Attorney General and Minister of Legal Affairs, Hon. Mohabir Anil Nandlall

Currently, he said, Guyana’s law reform is done in a “piecemeal manner” where sections of the laws are reformed based on international obligations, and as a requirement to qualify for financing.

Therefore, he said, “We must have a more programmatic and surer footing upon which we must rest the important exercise of law reform, hence the need for a Law Reform Commission.”

Minister Nandlall noted that prior to 2015, he could not implement a Law Reform Commission since there was no law revision.

The last law revision exercise was done 30 years before 2013, in 1978. The laws were disorganised, scattered across various bases.

An exercise to consolidate the legislation started in 2010, and was completed under the Attorney General’s leadership. Therefore, he said, one of the first tasks of the Commission will be to conduct that Law Revision exercise and bring the country’s legislation up to date as of 2020.

The Law Reform Commission Act was passed in 2016 under the former APNU/AFC Coalition, which failed to appointed the Commission.

When the PPP/C acceded to office in August, it pledged to move swiftly to establish the Commission after it reviewed the Act in its current state.

The current Act vests in the President the power to appoint the entire Commission, consulting only with the Minister, and only legally-trained persons are allowed to be part of the Commission.

That, the AG said, is fundamentally flawed, noting that a Law Reform Commission is much larger than the Government of the Day.

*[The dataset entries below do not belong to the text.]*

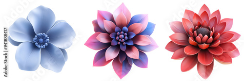 © Partha, Fototapeta premium Set of A 3D icon of a flower isolated on transparent background (2)
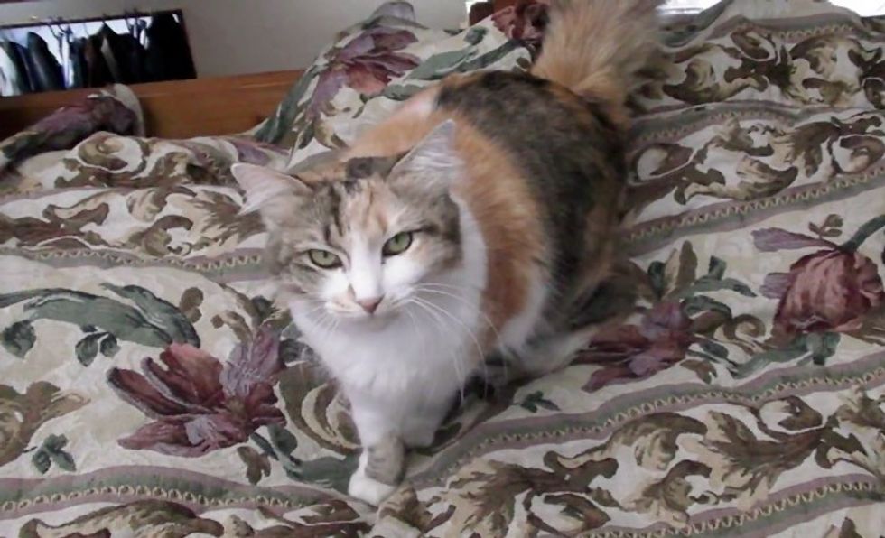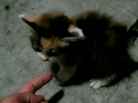 When the kitten stopped hissing, he offered his hand, hoping she would let him pet her. Then the most beautiful thing happened... The tiny calico turned to the side, signaling that she was ok to be touched.
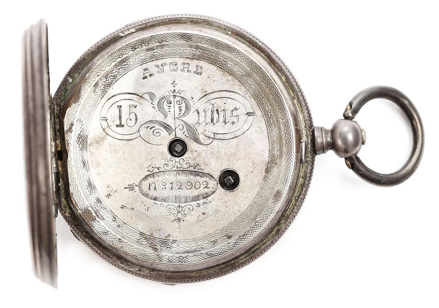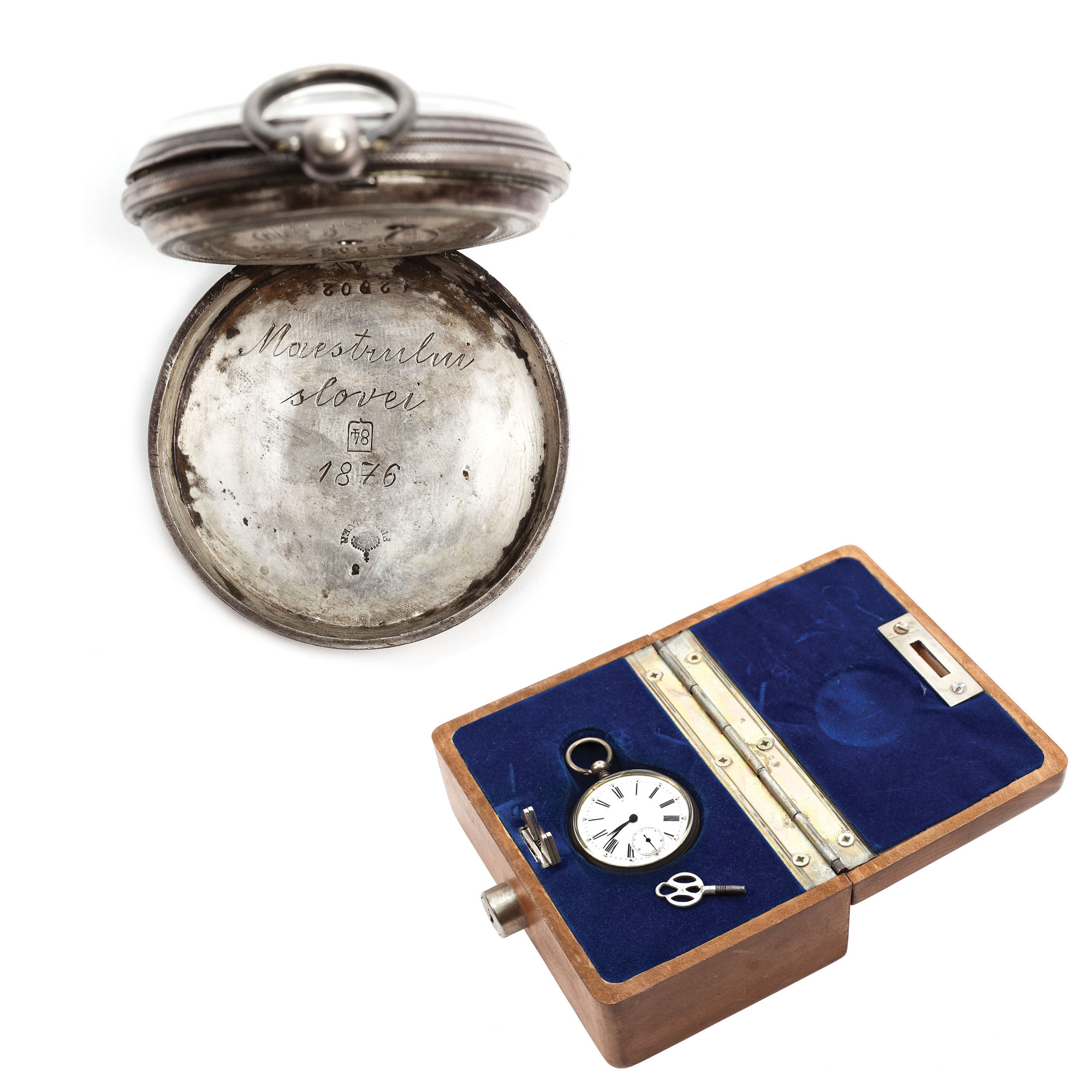 200. Ceas de buzunar, din argint, ce a aparţinut poetului Mihai Eminescu, cu dedicaţie din partea junimiştilor, datat 1876

“Therefore, the Commission is expected to hire researchers, social scientists, financial minds and persons trained in different disciplines, who will constantly review issues arising in the country and then consider whether we can find a legislative solution.”

The Law Reform Commission is an advisory body to the State. It can recommend to Parliament amendments to existing laws, new legislation, and repeal existing legislations. The establishment of a Law Reform Commission is part of a fundamental component of the US$8 million Inter-American Development Bank-funded Support for the Criminal Justice System Programme.